I’ve been dyeing for years. It’s a shortcut to creativity and it’s almost instant – truly, you just add water! – and on a day that’s dry and windy enough, the t-shirt is dyed, washed, and on the street in just a few hours. (Once, years ago, I almost blew up my parents’ new verandah following my dyeing muse, but that, leider, is another story.)
In Australia I favour Dylon dyes – an hour in hot, hot tap water, stirred a lot with added salt – and in Germany I favour Simplicol dyes, some of which I even ordered over the internet, auf Deutsch, which was risky. (What happens if I misunderstood the German and ordered a truckload of dye? I also first did this Deutsch internet-ordering while in Australia, so that they would arrive soon after I re-arrived in Berlin … again.)
These Simplicol dyes I’ve used in the frontloading washing machine, water as hot as possible, with lots of salt, and a bleach chaser. (The chaser is for the washing machine, not for the t-shirt or even for me.)
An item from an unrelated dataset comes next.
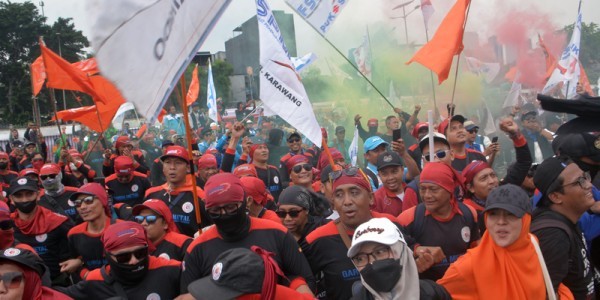 Telusur.co.id - Ratusan buruh yang tergabung dalam Partai Buruh dan Konfederasi Serikat Pekerja Indonesia (KSPI) menggelar

What I love most about these German dye-jobs is (1) there is a large range of colours to choose from, especially on the internet, and (2) I never look like anyone else in Germany when I wear them because they’re Bonds t-shirts, posted or shipped from Australia. So I can swan about Berlin feeling unique and gorgeous – few, few people in Germany wear anything more than dull, dull colours – and when back in Australia, I can swan around telling people I’m wearing t-shirts dyed using German dyes – deutsche Farben – on an Australian canvas (which is not just the t-shirt, but also me).
Some of these t-shirts are true trans-global warriors, having crossed between Australia and Germany and Australia and Germany a few times now.
I love them all, international trendsetters, beacons of colour – and I hope some style – especially on days when I, and perhaps others, need a colour boost.
I am often complimented on these t-shirts, in both countries, because some of them really are show-stoppers, blocks of rioting colour, tight and slutty.
And whichever country I’m in – Germany or Australia – they connect me to the one where I’m not.
And I love the idea that multiculturalism – or is it duoculturalism? – is alive and well and on my back.